Tubing has a fast-moving plot making the reader second guess every clue, and red-herring.  Even though the story is told mostly through the eyes of Polly. Well -built intertwined narratives on every character gives a real sense of depth, making no character feel wasted or just created to fill time between shocks. This is what made me read on forcing me to discover the final twist which trust me you don’t see coming. My only criticism would be that at times Polly’s character can play into the victim stereotype, as she struggles to escape the hold in which Sebastian has upon her. Making her question all she once held dear.
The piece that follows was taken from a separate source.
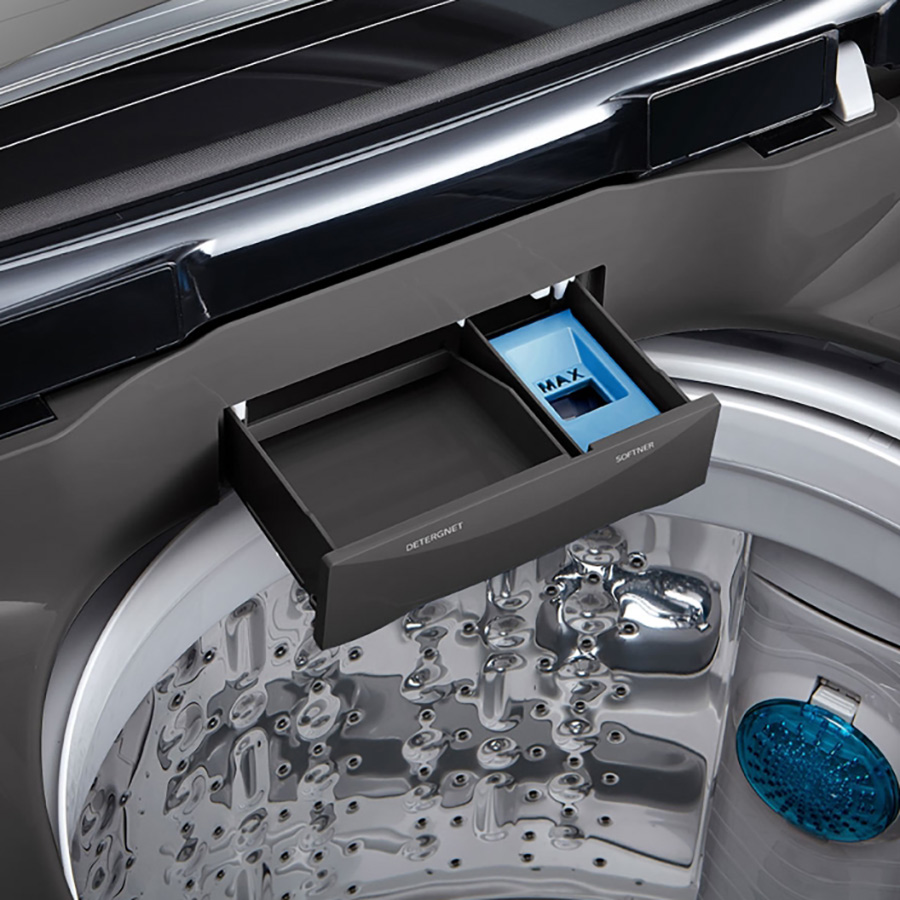 Đặc điểm nổi bật Tự động phân bổ nước giặt xả chính xác theo khối lượng đồ giúp tiết kiệm chất tẩy Ngăn chứa nước giặt xả lớn, chỉ cần đổ đầy 1 lần có

This is a highly polished debut from a writer who has clearly studied her craft. I look forward to seeing what she produces next. 4 Stars perfect for fans of Gone Girl, Girl on the Train, and in places 50 Shades. It doesn’t disappoint.

I received my copy from the publisher in exchange for an honest review. This doesn’t effect my views.

About the Author

ka

K.A. McKeagney studied psychology in Bristol before completing a Masters degree in creative writing at Brunel. She won the Curtis Brown prize for her dissertation, which formed the basis of her first novel Tubing. She has worked in London as a health editor writing consumer information as well as for medical journals. Her writing has been commended by the British Medical Association (BMA) patient information awards.

She is currently working on her second novel.